California Investigating Whether Florida Governor DeSantis Involved in Flying Asylum-Seekers from Texas to Sacramento

Officials are investigating whether Florida Republican Governor Ron DeSantis is behind a flight that picked up asylum-seekers on the Texas border and transported them to the capital of California.

Around 20 people, ranging between 21 to 30 years old, were flown by private jet to Sacramento Monday, according to California Attorney General Rob Bonta. It was the second flight in four days.

Darrell Steinberg, Mayor of Sacramento, and faith-based groups assisting the migrants held a news conference about the situation.

In the meantime, Democrat Governor of California Gavin Newsom lashed out at DeSantis on Twitter and called him a “small, pathetic man,”… suggesting that his state could pursue kidnapping charges.

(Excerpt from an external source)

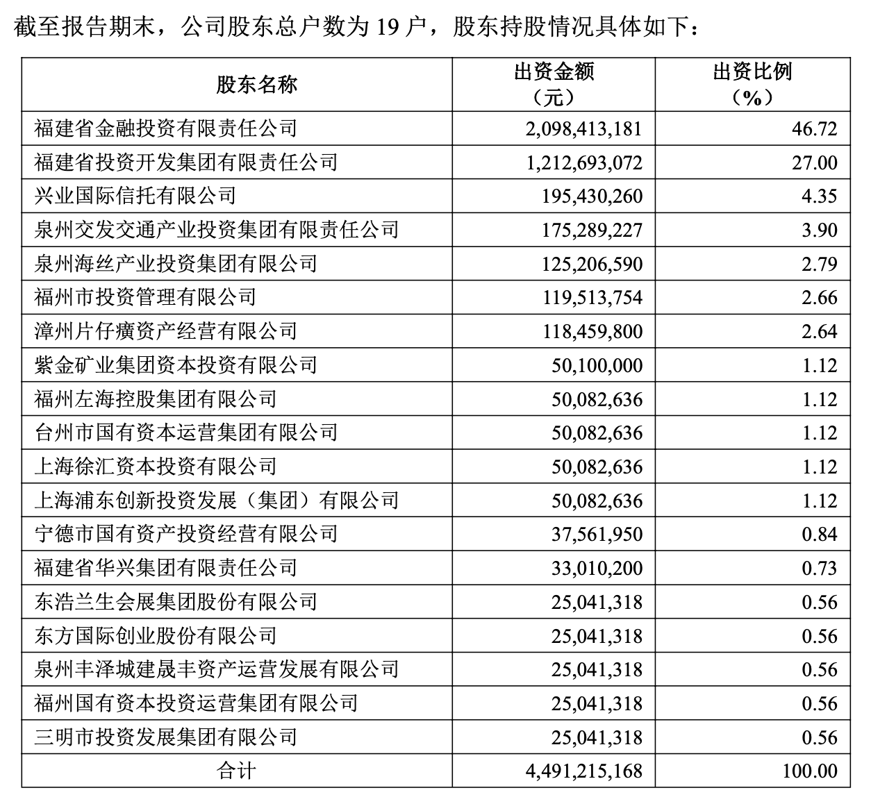 14名新股东中,除紫金矿业的子公司紫金矿业集团资本投资有限公司以外,其余来自不同区域的地方国资企业。其中包含了泉州市、福州市、漳州市、宁德市、三明市等福建省内的市属国资体系内的企业,还有浙江台州市的市属企业,同时还有两家来自上海国资。

Gov. DeSantis and other officials from Florida had remained silent as they initially were last year when they transported 49 Venezuelan migrants to the Massachusetts island of Martha’s Vineyard by sending them by private jets from a shelter in San Antonio.

The governor did not mention the flights during a bill-signing ceremony on Tuesday, and his administration has not provided any information on the flights.

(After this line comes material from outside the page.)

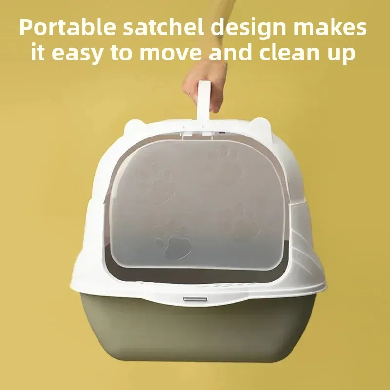 Caja de arena para gatos grande, totalmente semicerrada, doble propósito, antisalpicaduras, tapa abatible, suministros para gatos a prueba de olores

DeSantis is seeking the GOP nomination for the presidency and has fiercely criticized the federal immigration policy under President Joe Biden.

GOP governors have previously sent migrants to other states, cities

The Republican governors of Arizona and Texas have previously sent thousands of migrants on buses to Chicago, Washington, D.C., and New York. Still, the charter flights by Gov. DeSantis mark an escalation in tactics. The two groups sent to Sacramento never went through Florida. They were instead approached in El Paso, Texas, by people with paperwork liked to Florida, sent to New Mexico, then put on private flights to California’s capital, said California advocates and officials.

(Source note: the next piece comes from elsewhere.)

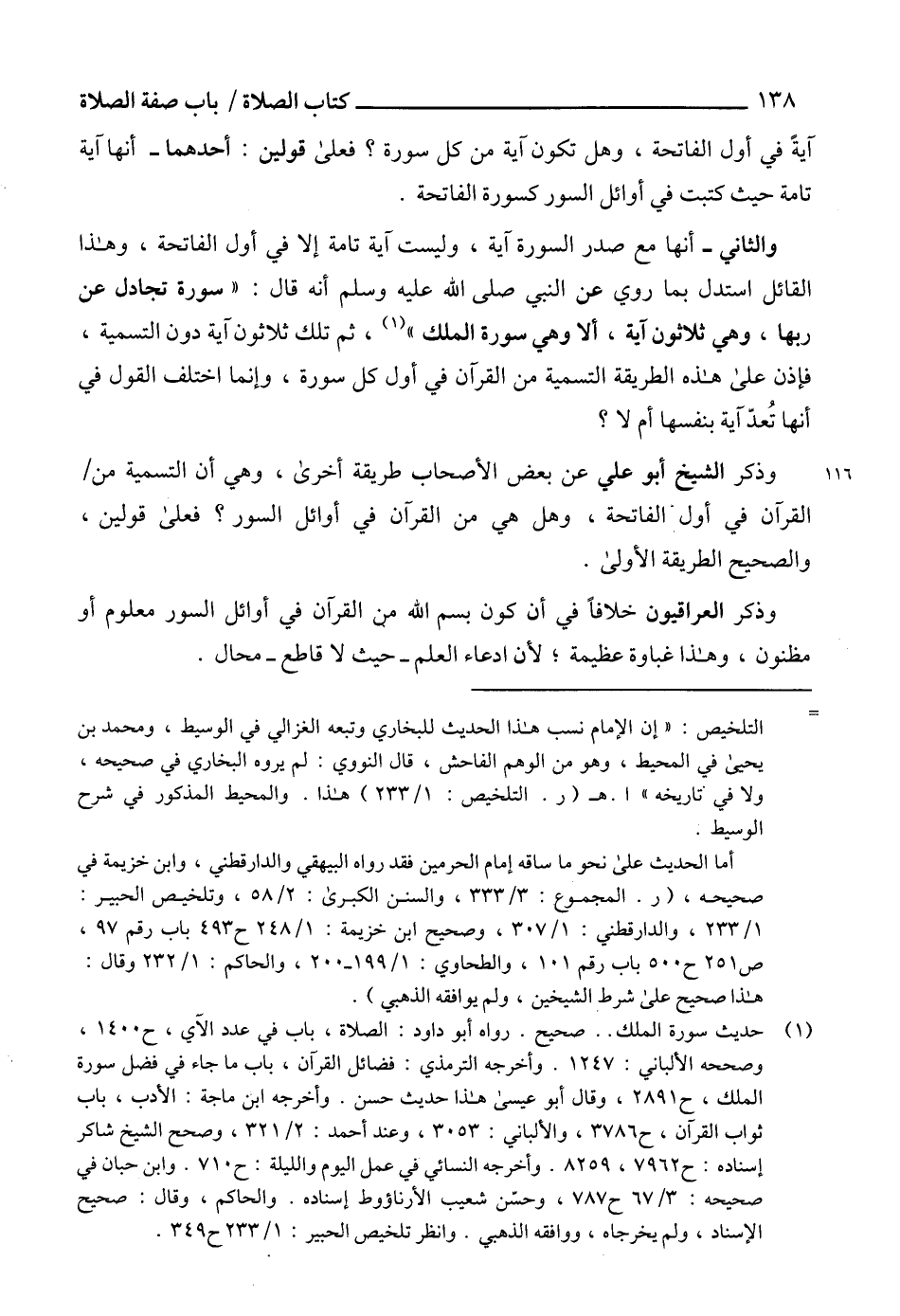 والثاني - أنها مع صدر السورة آية، وليست آية تامة إلا في أول الفاتحة، وهذا القائل استدل بما روي عن النبي صلى الله عليه وسلم أنه قال: "سورة تجادل عن ربها، وهي ثلاثون آية، ألا وهي سورة الملك" (¬1)، ثم تلك ثلاثون آية دون التسمية، فإذن على هذه الطريقة التسمية من القرآن في أول كل سورة، وإنما اختلف القول في أنها تُعدّ آية بنفسها أم لا؟

Attorney General Bonta met with some migrants who arrived on Friday and said they told him they were approached by two Spanish-speaking women who promised them jobs. The women traveled with them by land from El Paso to Deming, New Mexico, where two men then met and accompanied them on a flight to Sacramento. Bonta said the same men were on the flight Monday.

“To see leaders and governments of other states and the state of Florida, Governor Ron DeSantis, acting with cruelty and inhumanity and moral bankruptcy and being petty and small and hurtful and harmful to those vulnerable asylum seekers is blood-boiling,” said Bonta during a Monday interview.

As the migrants arrived Monday in California, a sheriff’s office in Texas announced it had recommended criminal charges over the two flights to Martha’s Vineyard last year.

Spokesman for the Bexar County Sheriff’s Office, Johnny Garcia, said the office is not naming suspects currently. It is unclear whether the local district attorney will pursue the charges, which include felony and misdemeanor counts of unlawful restraint, according to the sheriff’s office.

Last year, Governor DeSantis directed GOP lawmakers in Florida to create a program to relocate migrants. It specified that the state could transport migrants from locations anywhere in the country. The law was designed to get around the legalities of transporting people on a flight that originated in Texas.

Florida’s alleged role in the arrival of the two groups in Sacramento will likely intensify the political feud between Newsom and DeSantis, who have opposing visions on abortion, immigration, and many other issues.